Ignoring Fannie and Freddie would be a huge mistake. More than a year after going into receivership, they still dominate the housing finance market by buying mortgages from lenders, packaging them into bond issues, and then reselling them to investors worldwide. Last year, the two financed or backed about 70% of single-family mortgage loans. They hold about $5 trillion in their investment portfolios.

Most importantly: Both are losing money fast, with those losses being covered by the U.S. taxpayer. About a week ago, Freddie announced it had lost $8 billion in the first quarter of 2010 and would be asking for another $10.6 billion in taxpayer help. Not to be outdone, Fannie announced an $11.5 billion loss and asked for another $8.4 billion from taxpayers.

Unlimited bailouts

That's atop the nearly $145 billion of your dollars that Fannie and Freddie have already received. And the total is sure to go higher: Last December, the Obama administration lifted caps on how much total bailout money the two can receive. The old limits were $200 billion each (though those estimates were widely understood as fiction). The new limits {hellip} well, there are no new limits. Moreover, requirements that the two shrink their portfolios were watered down.

There seems to be no end in sight — the two firms' own management admits that there is no prospect for ending the red ink in the foreseeable future.

The crisis should have come as no surprise. Experts have warned for decades that both entities lacked sufficient capital — made up of both investors' money and retained earnings — to protect against losses. Back when they were privately owned, Fannie and Freddie had only $1 for every $20 in assets, while most banks had $1 in capital for every $12 in assets. Congress considered higher standards in the 1990s, but many of the same congressional leaders who head their oversight committees today bowed to a high-powered lobbying campaign that derailed reform.

Enough is enough. Fannie and Freddie should be partly wound down, the rest broken up and sold off — not replaced, reformed, or rejuvenated. Such a process of course cannot be done overnight. Realistically, this will take several years. But that only makes it more important that the process begin now.

Yet, reforming these two government-sponsored enterprises isn't a priority for many policymakers. According to Sen. Mark Warner, D-Va., a plan to tame Fannie and Freddie will have to wait until at least next year.

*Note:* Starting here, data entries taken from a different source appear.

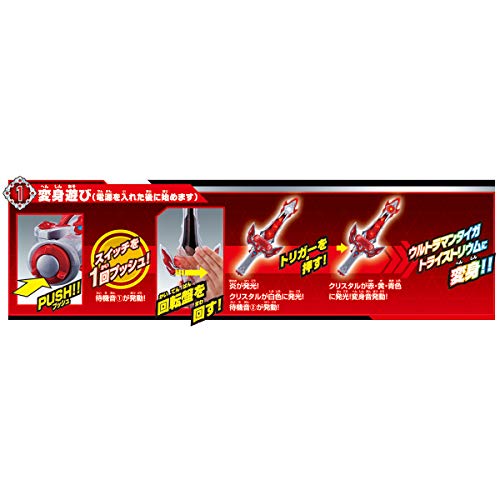 Introducing the DX Tiga Tri-Blade from Ultraman Tiga. Ultraman Tiga uses transformation item and weapon to power up. By turning the rotary plate, the flame effect appears and the transformation sound is activated. There are also 3 types of special attacks and 2 types of super special attacks are activated. Batteries: 2 x AAA batteries (sold separately).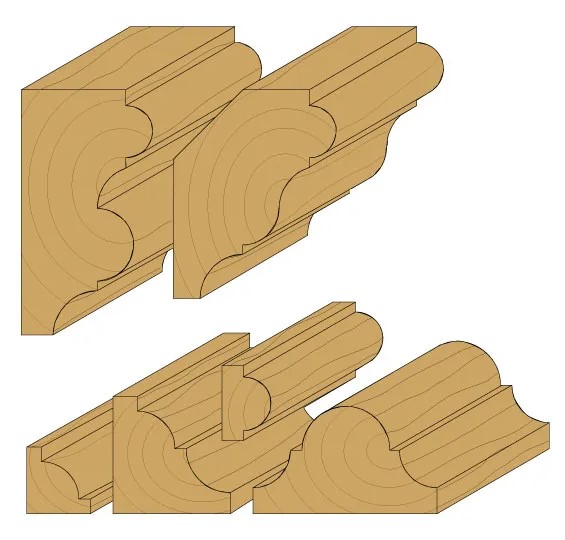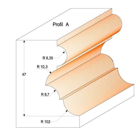 Použití: S víceprofilovými frézami CMT můžete tvořit mnoho profilů. Jednoduše nastavte výšku frézy pro vytváření klasických profilů jedním průchodem. Nebo udělejte několik průchodů pro vytvoření komplikovanějších a zdobnějších profilů.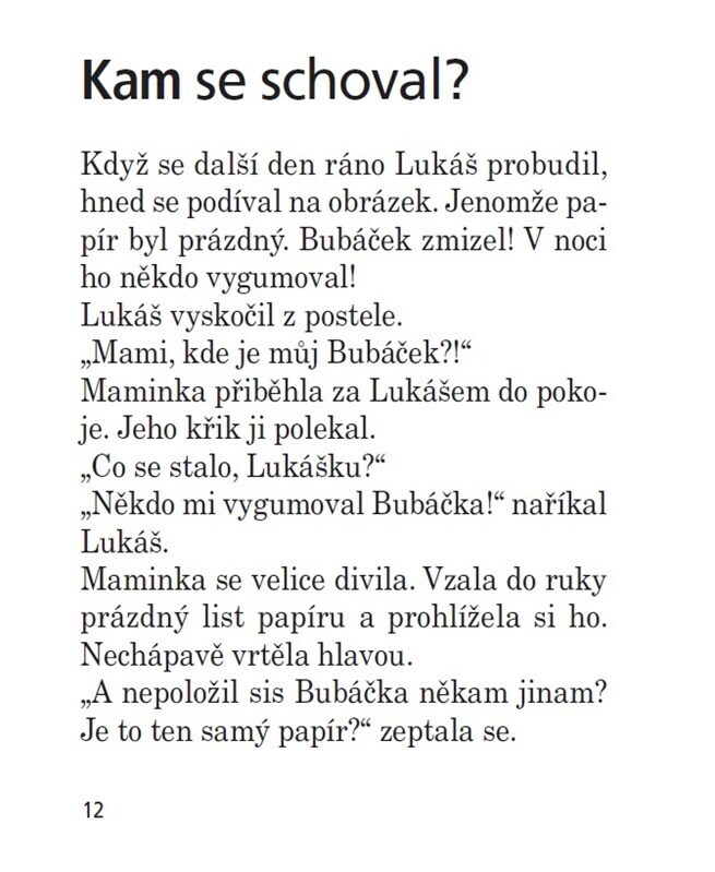 Lukáš má rád pohádky o strašidlech. Ale všechny už mu maminka před spaním vyprávěla. Co teď? Musí vymyslet nějakou novou – o Bubáčkovi. Tatínek ho Lukášovi pak pěkně nakreslil. Když se však Lukáš druhý den ráno probudí, Bubáček je pryč! Večer, když smutný Lukáš už leží v posteli, se v pokojíčku...

An effort by Sen. John McCain, R-Ariz., to amend the pending financial regulation bill to address the problem was defeated last week, replaced by a call for a "study" of the issue.

A rush to slow things down

The issue has also been slow-tracked by the Obama administration, which only recently opened a formal proceeding to examine options for the two firms. In fact, rather than resolving the pair, the administration is making them a key part of its economic arsenal, using them to prop up the housing markets. As support from TARP and by the Fed shrinks, Freddie and Fannie seem — at least in part — to be taking their place.

Fannie and Freddie haven't been coy about their new role. In a financial statement released last year, Fannie Mae was unusually blunt about what the administration was asking, and what the financial effects were: "Our financial results are likely to suffer, at least in the short term, as we expand our efforts to assist the mortgage market, thereby increasing the amount of funds that Treasury is required to provide to us and further limiting our ability to return to long-term profitability."

This must stop. Fannie Mae and Freddie Mac have distorted housing markets enough. Fannie Mae and Freddie Mac should be put on a path to resolution. And Congress should ensure that no successor institution be provided with the implicit guarantees that allowed these two to play havoc with financial markets.

Otherwise, we can look forward to many more bailouts in the future.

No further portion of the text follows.